I get the feeling nothing forces the lnb to any configuration. I think the issue is the receivers can't tune right sometimes if it's using the higher end of the tuner range and that's why they say to stop at 13 but I guess it's possible the swim could change its own internal settings based on some feedback. We've just never seen that before so I don't see that being the case..


----------



## starcms (Feb 7, 2008)

inkahauts said:


> I get the feeling nothing forces the lnb to any configuration. I think the issue is the receivers can't tune right sometimes if it's using the higher end of the tuner range and that's why they say to stop at 13 but I guess it's possible the swim could change its own internal settings based on some feedback. We've just never seen that before so I don't see that being the case..


I think there must be 2-way communication between the RB LNBs and the receivers For instance on the HR54, 44, and 24, the LNB type is automatically selected and can't be changed. On the HR20, it has to be manually set.

My guess is that to support 21 channels, the receiver has to communicate with the LNB as can be seen with the example above. Possibly if a receiver connects but doesn't communicate both ways (for example HR20), the LNB switches from 21 to 13 tuners.


----------



## inkahauts (Nov 13, 2006)

starcms said:


> I think there must be 2-way communication between the RB LNBs and the receivers For instance on the HR54, 44, and 24, the LNB type is automatically selected and can't be changed. On the HR20, it has to be manually set.
> 
> My guess is that to support 21 channels, the receiver has to communicate with the LNB as can be seen with the example above. Possibly if a receiver connects but doesn't communicate both ways (for example HR20), the LNB switches from 21 to 13 tuners.

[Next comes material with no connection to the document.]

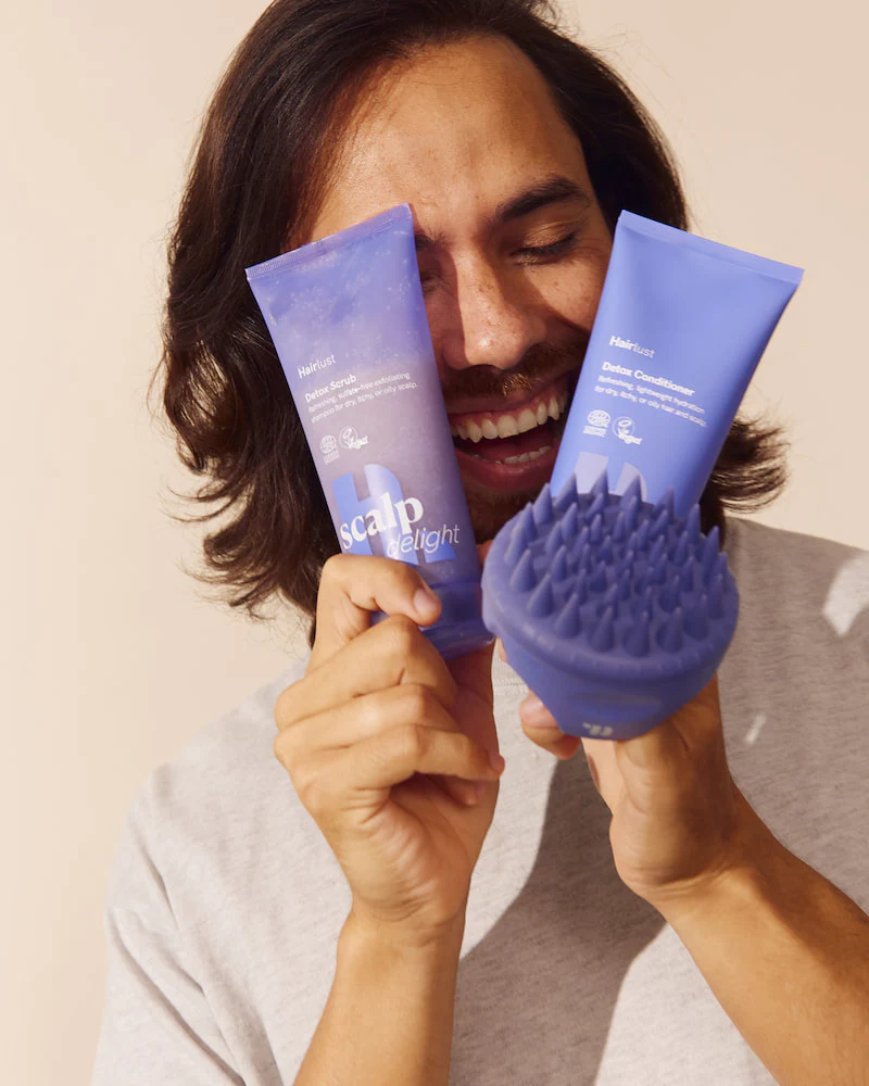 Le coffret Scalp Delight™ Bundle convient à tous les types de cheveux - tout le monde peut l'utiliser. Tout le monde a besoin d'un bon nettoyage de temps en temps ! Cependant, nous recommandons particulièrement ce coffret si vous utilisez souvent des produits coiffants, si vous avez de l'eau calcaire chez vous et si vous avez le cuir chevelu irrité, squameux, gras ou sec.

There's an internal conflict with that idea... if all it took was that why would the HR24 and HR34 be unable to work with it.

No I believe there is a little two way communication but not at the level suggested by any means. swim systems simply broadcast and the DVRs can detect what they are broadcasting and what channels they have available and a swim allows channels to be locked by certain devices. That's always been the case. But it's never been the case where the swim would act differently depending on what's in the system. It doesn't have that level of control. It has set parameters of how to let channels be taken and used but it doesn't allow the receivers to tell it how to do that.

I believe this is an issue with the older models not being able to handle all the different freq in the higher range and narrow bandwidth properly. And that at some point they start having issues which is why it's probably more than 13 but less than 21 generally but it'll never be less than 13 that could work so they chose that number as the limit.

That's my guess anyway.

But the lnb won't ch he what it can do based on what's connected. They just don't built swims that way.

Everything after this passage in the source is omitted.